Semua orang di gang itu tertawa terbahak-bahak. Itulah kekuatan Geng Tirani Kecil mereka.
Ignatsu menyeret kakinya ke gang kecil itu. Dia sedikit terkejut ketika melihat para siswa sekolah dasar dengan tas sekolah mereka bersandar di dinding. Itu sedikit berbeda dari Geng Tirani Kecil yang dia bayangkan.
Seharusnya itu menjadi pemandangan yang mengagumkan dengan sekelompok preman kecil yang memegang pisau dan belati, tampak begitu keren sehingga mereka bisa merobek langit dengan satu tendangan. Itulah yang dia bayangkan tentang sebuah geng.
Namun, mereka…
…mereka membungkuk karena beratnya tas di pundak mereka, dan tampak seolah-olah dihukum oleh guru untuk berdiri di luar kelas. Bahkan senyum di wajah mereka pun terlihat agak konyol.

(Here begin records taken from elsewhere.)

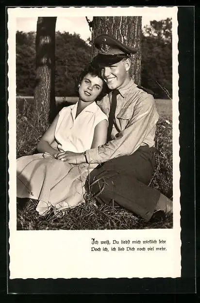 AK Soldat der Bundeswehr sitzt mit seiner Freundin auf der Wiese
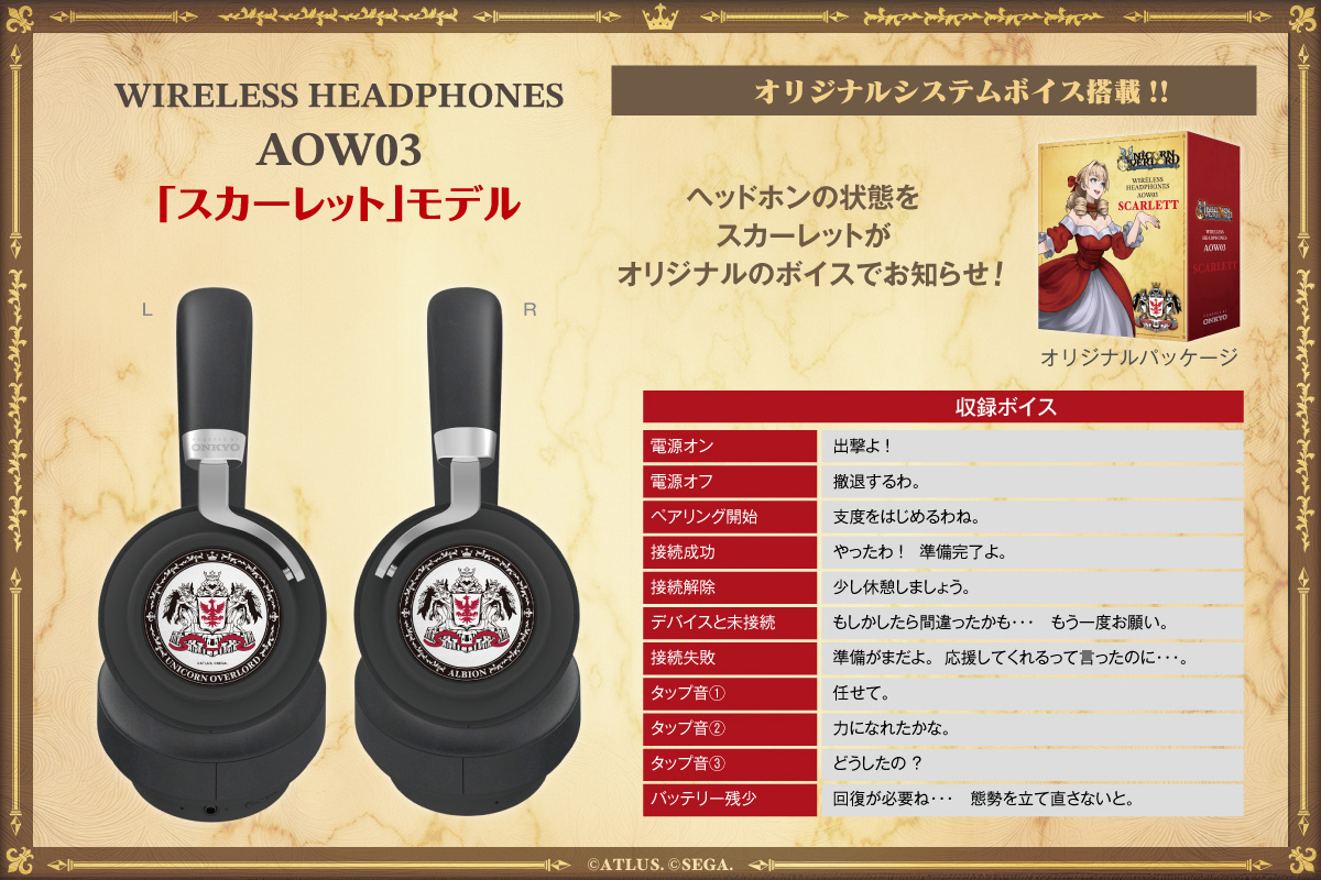 オンキヨー株式会社のヘッドホン「ANIMA AOW03」とコラボした本モデルは、「アレイン」モデル、「スカーレット」モデルの計2種類がラインナップ!
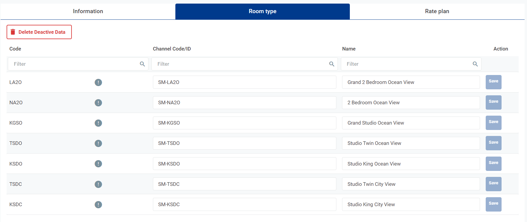 ![]() [Tab Room Type] - Danh sách các loại phòng của một Mapping

Adapun Bolton, yang menyebut dirinya tiran kecil, ia mengenakan tas selempang di bahunya, dan memegang tongkat sihir berwarna merah muda. Celananya yang digulung memperlihatkan sebagian kaus kakinya yang berwarna merah muda, dan senyum jahatnya langsung kehilangan semua ancamannya saat itu juga.
“Kau sungguh mengecewakan.” Ignatsu menghela napas. Ia merasa seolah harapan dan mimpinya telah hancur. Dulu ia ingin bergabung dengan Little Tyrants dan merasa menjadi bagian dari orang-orang keren, tetapi ia tidak pernah menyangka kenyataan akan begitu berbeda dari yang ia bayangkan.
“Hah?”
Semua anggota Geng Si Tirani Kecil, yang mengira mereka semua berpose paling keren, terkejut. Mereka memandang Ignatsu dengan bingung. *Mengapa si gendut kecil yang akan dipukuli ini terlihat seperti sangat terluka?*
Bolton juga bingung. Dia memulai, “Katakan—”

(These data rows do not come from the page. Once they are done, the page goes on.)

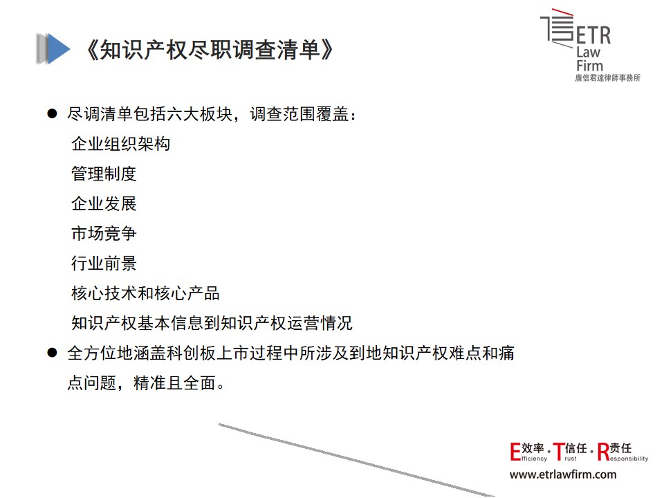 2. 走访后,团队需立即根据走访结果和企业的反馈,向企业出具一份《知识产权尽职调查清单》,为企业进行深度的体检。
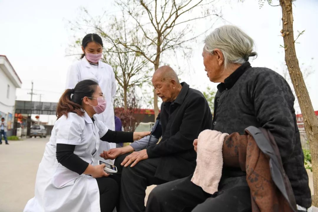 醫(yī)護(hù)人員在巨鹿縣南大韓村菘樂敬老院為老人測量血壓 牟宇 攝
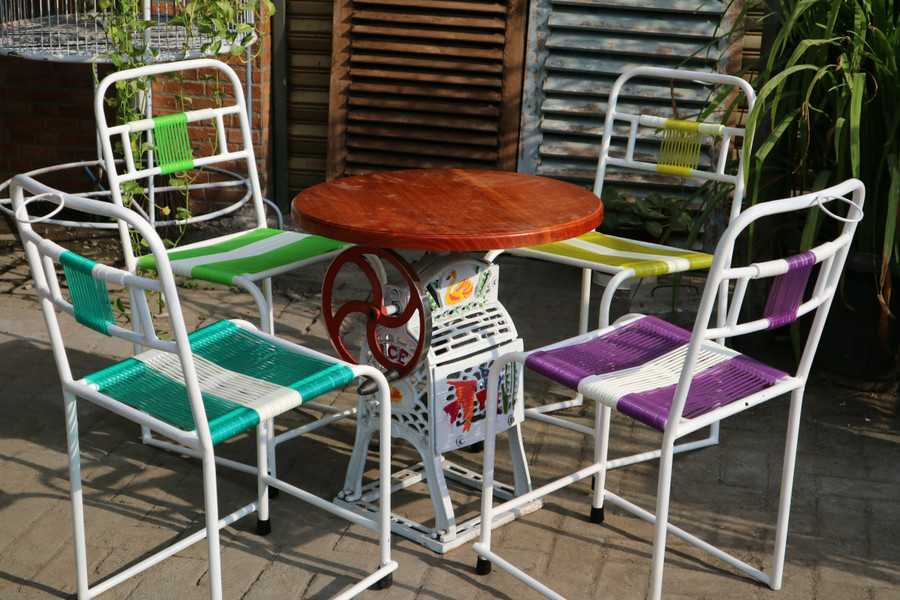 Meja industrial dari serutan es jamam dulu dan kursi besi dengan alas sandaram dari karet pentil

“Ayo, tanaman iblis!” Ignatsu mengeluarkan tangannya dari saku dan melemparkannya ke arah Bolton. Tiga biji kacang hitam terbang keluar dan mendarat di kaki Bolton, Lancome, dan seorang siswa kelas atas.
“Tanaman iblis?” Bolton mengamati biji itu, mengangkat kakinya, dan menginjakkannya ke tanah sambil menyeringai. Dia mengarahkan tongkat sihirnya ke Ignatsu dan berkata, “Hajar dia!”
“Kriuk! Kriuk!”
Tepat saat itu, sulur hitam muncul dari tanah dan langsung melilit kaki Lancome seperti ular hitam raksasa.
Hampir seketika itu juga, biji-biji yang diinjak Bolton dan siswa lainnya ke dalam tanah tumbuh menjadi dua tanaman merambat hitam, dan mulai melilit kaki mereka, membungkusnya seperti pangsit.
“Hai! Si Gendut sudah datang!” teriak Ignatsu dengan lantang. Ia melangkah lebar dengan kakinya yang pendek dan tebal, lalu menerobos ke arah Bolton yang terkejut.